The identity he once had, the priest, the abbot, disappeared from the moment he entered the stone house. Palatine taunted himself by pulling at the chain on his ankle, âYou canât get out of this life...â
Almost everyone knew of the Gabriel surname. Of course Palatine knew it, but he didnât understand why Hill Gabriel wanted to find his son who has been out for years and had never heard of him.
Palatine had many unexplained things, including Hill Gabriel, who did not understand why no blonde blue-faced baby had been born in the Gabriel family in recent years. All the newborn babies had black or brown hair and could not inherit the astrological priesthood of the Gabriel family at all.
The head of the Gabriel family and the priests had to choose the descendants of the blonde and blue-haired to inherit them â to show their noble lineage. But unlike the patriarch, the priestâs hair would turn white later, because he needed to prophesy that the Gabriel familyâs external interpretation was that it was a divine punishment, but never said that it would consume the lives of astrologers.

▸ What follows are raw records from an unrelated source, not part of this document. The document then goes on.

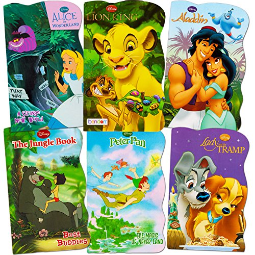 [Product Information]- Disney Baby Toddler Super Set of 6 Board Books. Children and toddlers engage with Disney characters from classics including Aladdin, Peter Pan, Lion King, the Jungle Book, Lady and the Tramp and Alice in Wonderland.
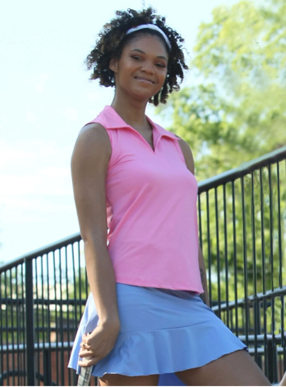 The Madison Flounce Skort in Periwinkle is the perfect skort for the court! Its flounce and flare add a touch of cuteness and sass, while the Calla top pairs perfectly to create a stylish and effortless look. Look great and feel confident on the court with the Madison!
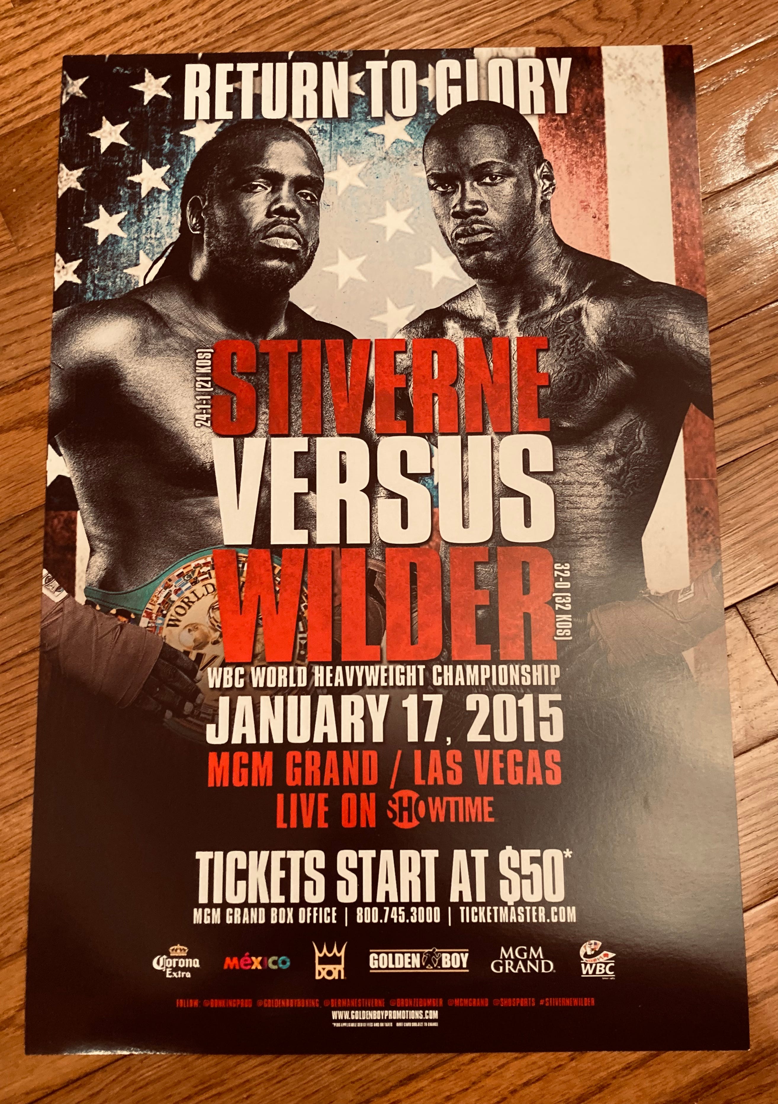 Deontay Wilder was 32-0 with 32 knockouts but had yet to face a serious opponent when he stepped into the ring as the mandatory challenger for then-WBC heavyweight titleholder Bermane Stiverne, a hard puncher who had knocked out perennial contender Chris Arreola on the sixth round of their rematch to win the vacant title in his previous fight. There were many questions surrounding Wilder. How would he deal with a bona fide opponent? What about his stamina? Would he be effective if the fight went deep after having knocked out all of his previous opponents inside four rounds? Wilder answered all of the questions against Stiverne. Although he went the distance for the first time, Wilder thoroughly dominated the fight, which I covered at the MGM Grand in Las Vegas. He did not tire and won the title he would hold for a little over five years through 10 successful defenses via scores of 120-107, 119-108 and 118-109. The fight was on Jan. 17, 2015 — seven years ago on Monday. Here is a very scarce thin cardboard site poster in my collection.
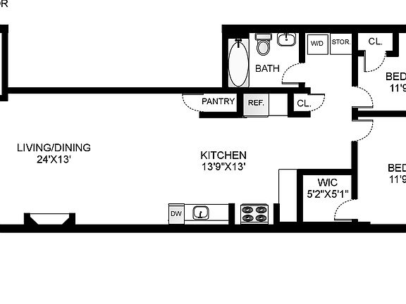 Central heating and coolingIn-unit laundryTons of closet spaceOpen kitchen with dishwasher
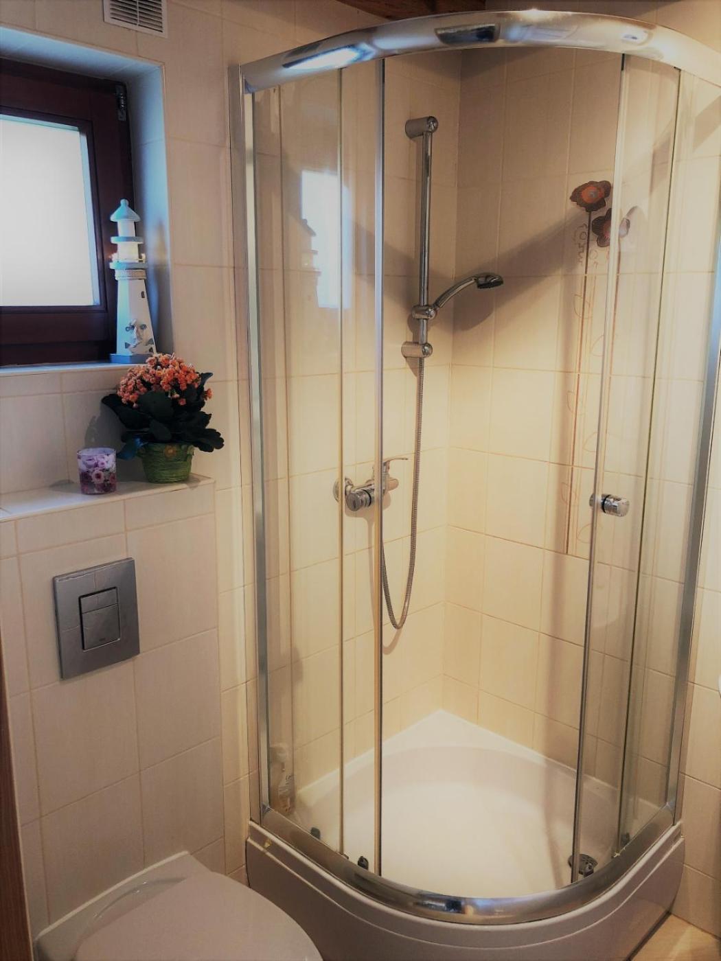 Dom z 2 sypialniami. Guests can make meals in the kitchen that features a stovetop, a refrigerator, kitchenware and a microwave. This holiday home is comprised of a flat-screen TV with cable channels, a shared bathroom as well as a terrace with garden views. The unit has 5 beds. Dom wakacyjny - 6 osobowy. Powierzchnia pokoju ok.: 40 mkw.

Palatine was not the only one to enter the chamber, but before him, almost everyone had to endure a life expenditure of prophecy. Hill Gabriel had no choice but to retrieve Palatine â after all, his bright priest was not a small man, and such a man should live longer.
From that day on, Palatine was locked in this stone house and never went out again. He studied astrology all day and then, when the Gabriel family needed it, withdrew his life to make a prediction.
Hill Gabriel used the lives of the nuns to threaten Palatine. He could neither resist nor fight.
More than five years of prophecy had made him skinny. There were no windows in the chamber, only an iron door that would never open for him, and a roof that would move only when astrology came.
Palatineâs long-lost sunshine skin was pale. The Gabriel family knew that he was not in good health and feared that he would not die on the astrological table, but by disease. They built a luxurious house for him, with good velvet carpets, and the fire magic stones around it would bake the whole room sweltering.
But he only felt cold. The cold filled every corner of the room and tormented him all day and night, but he couldnât die.